We’ve got one week left before I pick the finalists for the #bigmesslittlekid contest. The winner will get an $1000 Target gift card plus a bunch of Seventh Generation products to clean up future messes.
Will the kid covered in lipstick make it? The kid who decorated his room with diaper cream? One thing’s for sure, the finalists will not include the baby who wiped his poop all over his crib. Or the kids where the sh*t literally hit the fan. (And yes, I am using “literally” correctly in that last sentence.)
I thought about it, but I just could not make the leap to put an actual picture of poop on my blog. Sorry, kids.
Plus, we have even worse messes that don’t make me want to vomit.
39 Times You Would Have Lost it on your kids if you didn’t grab the camera:
1) the time your son fought paint and lost
2) the time your kid covered his face in lipstick
3) the time your kid showed no remorse about stealing your yogurt
4) the time your toddler tore apart a stack of magazines with his teeth
5) the time your daughter auditioned for extreme home makeover
6) the time your kid lived up to the writing on his shirt
7) the time your son made a mess with soap
8) the time your girls spilled out all the spices
9) the time your son had a run-in with a stick of butter
10) The time you put your baby’s high chair too close to a potted plant
11) The time your twins painted the toilet red
12) the time your son made sure the mirror didn’t get a sunburn
13) the time your son poured his own glass of Milk
14) The time your kids made snow angels in pancake mix
15) THe time your daughter used nutella as lotion
16) the time your son executed the 5 second rule
17) the time your toddler just wanted to make some oatmeal
18) the time your toddler emptied all the drawers
19) the time your toddler poured powdered sugar on his head
20) the time your baby confused mac-and-cheese with shampoo
21) the time your son forgot about the “sidewalk” part of sidewalk chalk
22) the time your son was left alone with the diaper cream
23) the time your kids became one with nature
24) the time your son lost the tub for his popcorn
25) the time your kid opened a bag of chips
26) the time your baby decided she disapproved of your wallpaper
27) the time your son found the bulk box of 1500 straws
28) the time your daughter thought she could hide by covering herself in powder
29) the time your daughter passed out in a bowl of oatmeal
30) the time your kid got naked in some Bisquick
31) the time your kids took a bath in shaving cream
32) the time your kids played in the pantry
33) the time your daughter took finger painting to another level
34) the time your son’s diaper change went awry
35) the time your kid tried to make chocolate milk
36) the time you realized you had way too many toys
37) the time your son thought his crib was a dumpster
38) The time your kids needed to take a bath with their clothes on
39) THE TIME YOUR KID GOT A HOLD OF YOUR LIPSTICK AND YOU DIDN’T NOTICE BECAUSE YOU WERE DRIVING
The contest is not over yet so you can still enter your kids’ biggest messes to win!
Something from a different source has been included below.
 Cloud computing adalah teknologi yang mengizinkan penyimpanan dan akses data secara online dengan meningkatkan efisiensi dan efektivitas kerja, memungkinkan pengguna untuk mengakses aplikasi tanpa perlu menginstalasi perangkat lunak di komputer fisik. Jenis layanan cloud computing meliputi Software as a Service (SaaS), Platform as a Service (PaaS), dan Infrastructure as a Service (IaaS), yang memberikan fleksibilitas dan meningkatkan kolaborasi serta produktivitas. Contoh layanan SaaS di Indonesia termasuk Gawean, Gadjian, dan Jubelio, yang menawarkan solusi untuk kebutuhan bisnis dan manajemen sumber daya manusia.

Post your photos on the Mommy Shorts Facebook page or on Instagram with the hashtag #bigmesslittlekid. (If you enter on Instagram, make sure you tag and follow both @mommyshorts and @seventhgeneration to win.)
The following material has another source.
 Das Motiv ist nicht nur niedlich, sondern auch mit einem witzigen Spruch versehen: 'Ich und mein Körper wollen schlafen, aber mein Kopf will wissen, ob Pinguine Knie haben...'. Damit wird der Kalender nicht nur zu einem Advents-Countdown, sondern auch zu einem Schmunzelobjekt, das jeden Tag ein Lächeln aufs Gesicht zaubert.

I’ll also posted an album on Facebook with all my favorite photos so far (this week and last week), so you can like your favorites to help me decide who should be in the finals.
Five winners will receive $50 worth of Seventh Generation products and one grand prize winner will receive a $1000 Target gift card.
Finalists will be put to a vote on August 7th with the winners determined on August 14th.
You can see the full rules here.
All Seventh Generation products are plant-based formulas that are safe and effective, not only for your home and family, but designed with the planet and future generations in mind.
I’ve been giving Mazzy and Harlow the Seventh Generation Baby Wipes to help me wipe up messes, which is great because they are made from plant-derived ingredients, hypoallergenic and free of fragrances, dyes, parabens and phthalates. I’m not sure what all that means exactly except it’s totally fine for my kids to touch them.
Mazzy and Harlow actually love to help clean with the wipes and I learned that something thick and soft enough to wipe a baby’s bottom also works excellent on windows!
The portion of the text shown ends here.